Recording with audacity works as "arecord -Dac108 -f S32_LE -r 16000 -c 4 a.wav" / "aplay a.wav" does. The loudness could be better is there a way to boost it ?
Now I am struggeling with the integration:
A custom wake word is what I want so I ended up withan error while "Source" installation here:
source
ERROR: Could not build wheels for scipy which use PEP 517 and cannot be installed directly
Log:

pi@raspi4B:~/mycroft-precise $ sudo ./setup.sh
Reading package lists... Done
Building dependency tree       
Reading state information... Done
curl is already the newest version (7.64.0-4+deb10u1).
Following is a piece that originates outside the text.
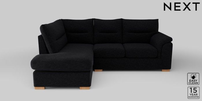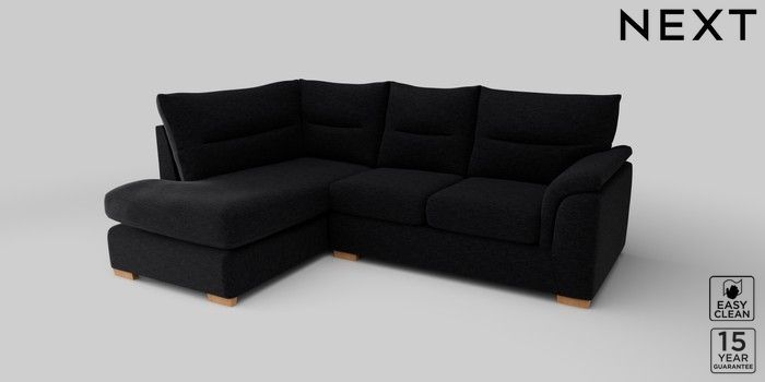 7.2.10 Hayden Highback Medium Corner Chaise - Left Hand Fine Chenille Easy Clean Black Slim Block - Light | Made Click here to use our website with more accessibility support, for example screen readers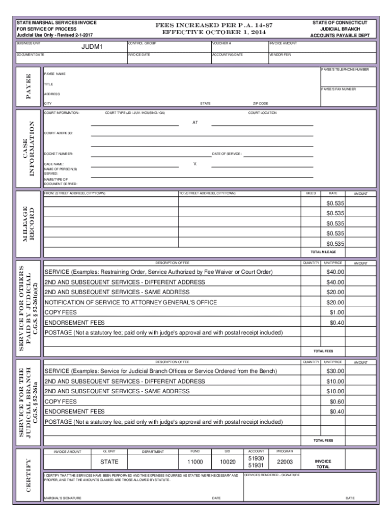 STATE MARSHAL SERVICES INVOICE FOR SERVICE OF PROCESS Judicial Use Only Revised 212017 BUSINESS INITIATE OF CONNECTICUT JUDICIAL BRANCH ACCOUNTS PAYABLE Degrees Increased Per P.A. 1487 Effective October

cython is already the newest version (0.29.2-2).
libatlas-base-dev is already the newest version (3.10.3-8+rpi1).
libhdf5-dev is already the newest version (1.10.4+repack-10).
libopenblas-dev is already the newest version (0.3.5+ds-3+rpi1).
libpulse-dev is already the newest version (12.2-4+deb10u1).
portaudio19-dev is already the newest version (19.6.0-1).
python3-h5py is already the newest version (2.8.0-3).
python3-scipy is already the newest version (1.1.0-7).
swig is already the newest version (3.0.12-2).
python3-pip is already the newest version (18.1-5+rpt1).
0 upgraded, 0 newly installed, 0 to remove and 5 not upgraded.
Looking in indexes: https://pypi.org/simple, https://www.piwheels.org/simple
Obtaining file:///home/pi/mycroft-precise/runner
Requirement already satisfied: pyaudio in ./.venv/lib/python3.7/site-packages (from precise-runner==0.3.1) (0.2.11)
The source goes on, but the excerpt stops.